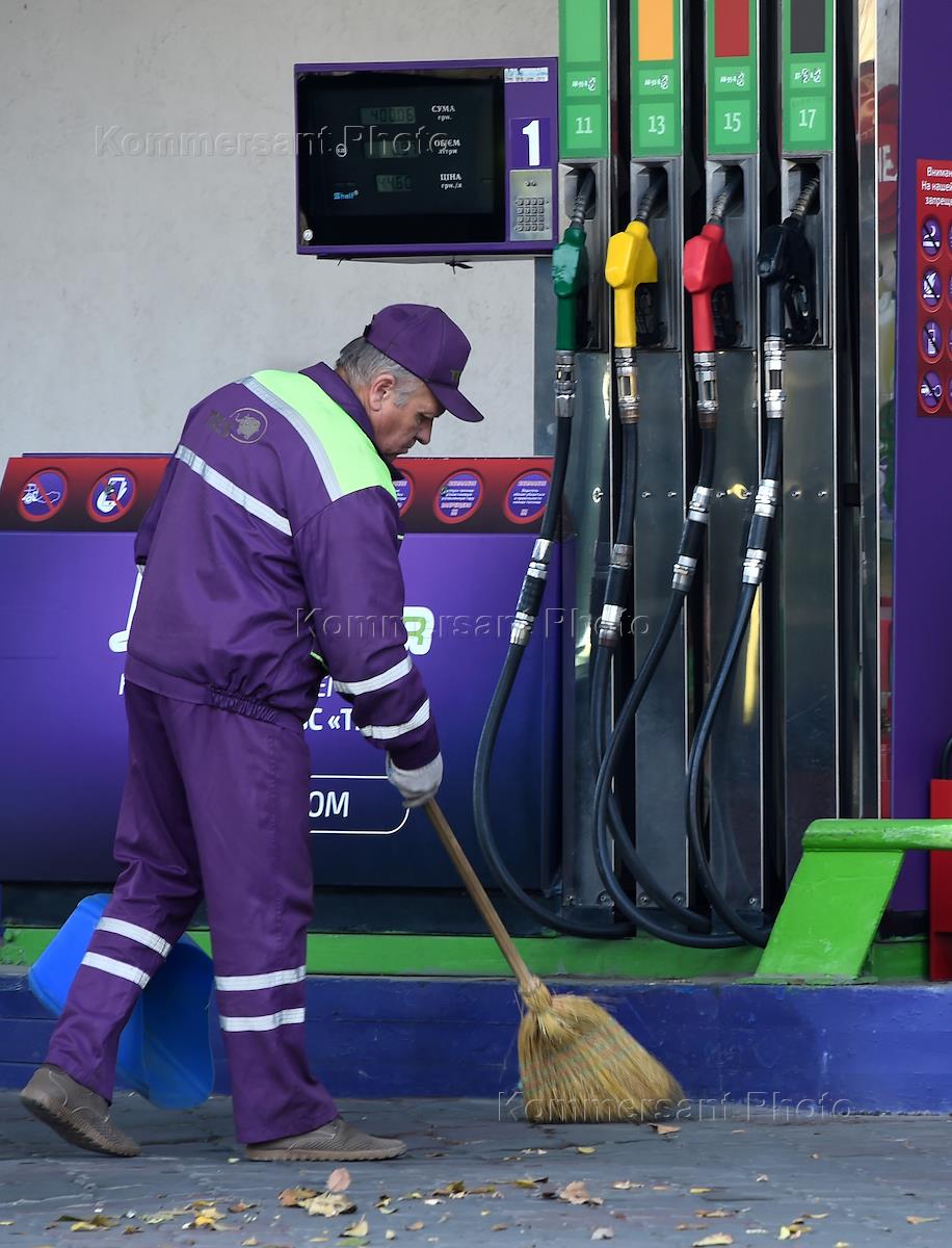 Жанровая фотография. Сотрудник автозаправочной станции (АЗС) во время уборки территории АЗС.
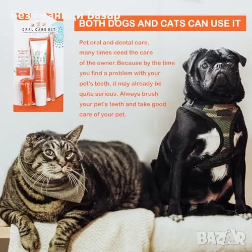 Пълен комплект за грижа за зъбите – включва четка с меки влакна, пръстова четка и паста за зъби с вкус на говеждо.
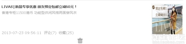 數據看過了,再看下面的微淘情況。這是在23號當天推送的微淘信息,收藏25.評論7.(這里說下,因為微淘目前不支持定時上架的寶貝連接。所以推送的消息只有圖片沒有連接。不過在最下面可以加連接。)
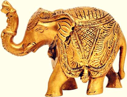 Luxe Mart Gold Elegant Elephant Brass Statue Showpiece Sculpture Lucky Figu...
==
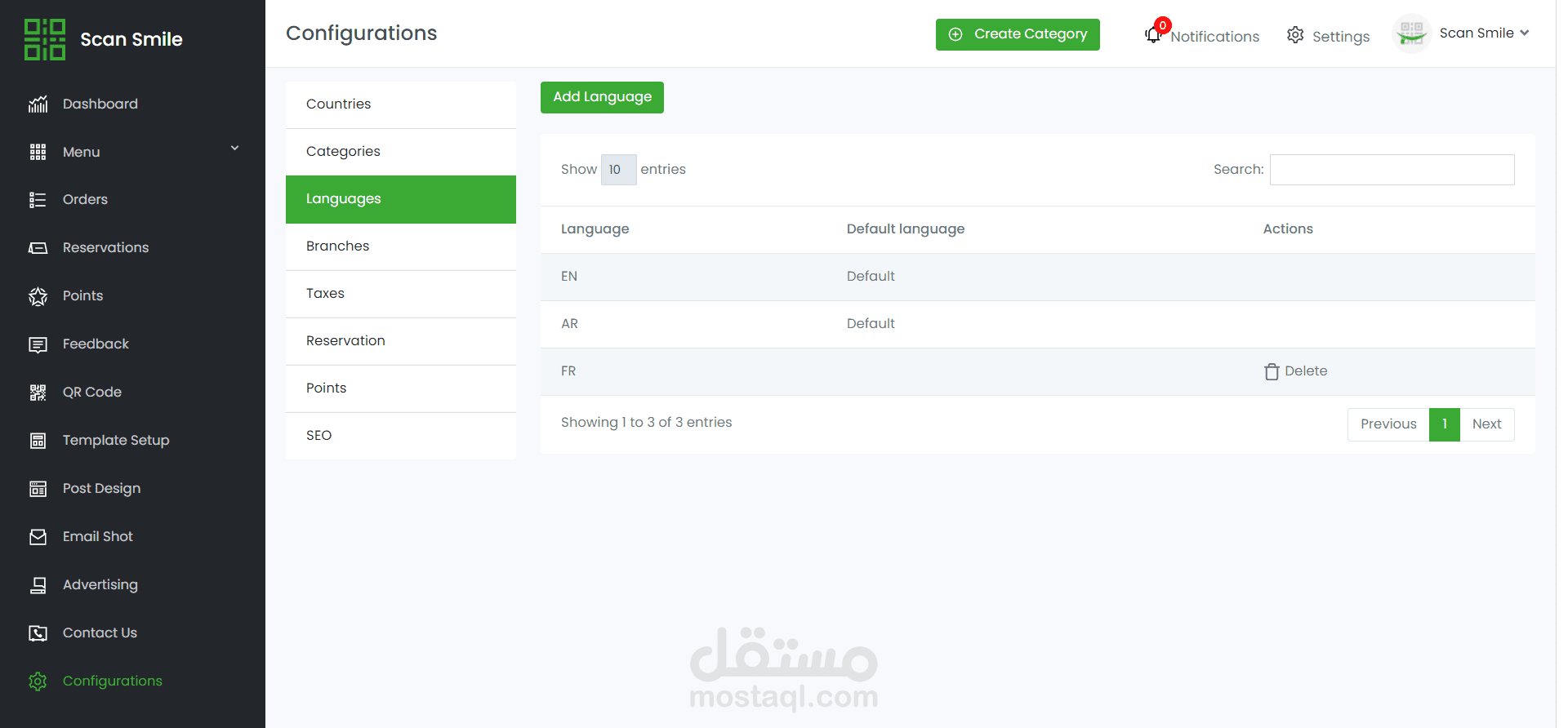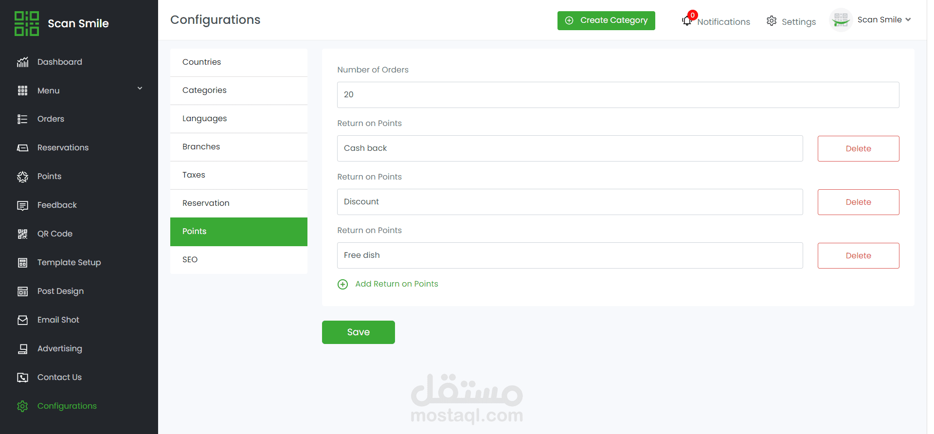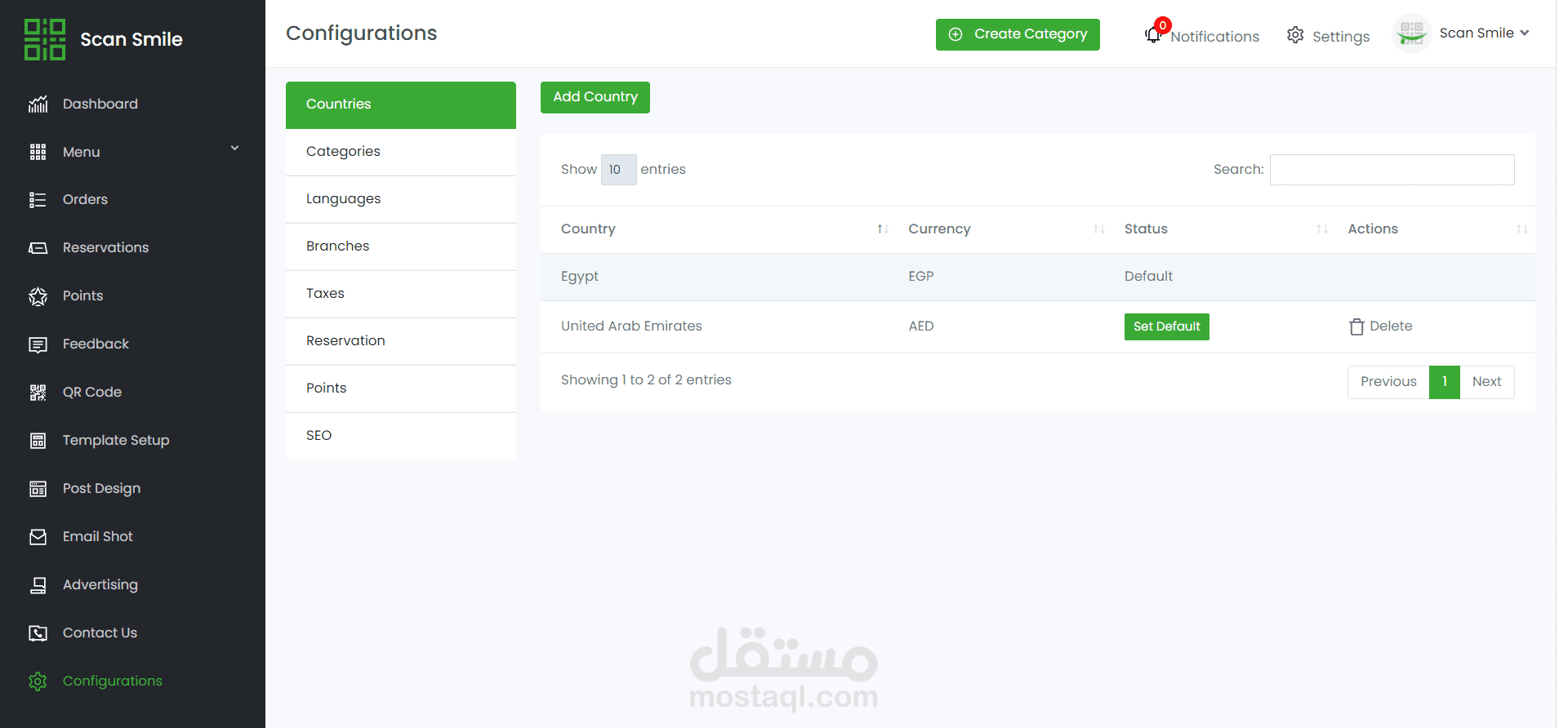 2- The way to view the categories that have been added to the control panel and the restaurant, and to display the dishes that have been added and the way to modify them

● TASK INSTRUCTIONS:
The response must repeat exactly the lines above from the one with "Жанровая фотография. Сотрудник" through the one with "Luxe Mart Gold", including both, and must contain no pictures and no other text.

● EXERCISE RESPONSE:
 Жанровая фотография. Сотрудник автозаправочной станции (АЗС) во время уборки территории АЗС.
 Пълен комплект за грижа за зъбите – включва четка с меки влакна, пръстова четка и паста за зъби с вкус на говеждо.
 數據看過了,再看下面的微淘情況。這是在23號當天推送的微淘信息,收藏25.評論7.(這里說下,因為微淘目前不支持定時上架的寶貝連接。所以推送的消息只有圖片沒有連接。不過在最下面可以加連接。)
 Luxe Mart Gold Elegant Elephant Brass Statue Showpiece Sculpture Lucky Figu...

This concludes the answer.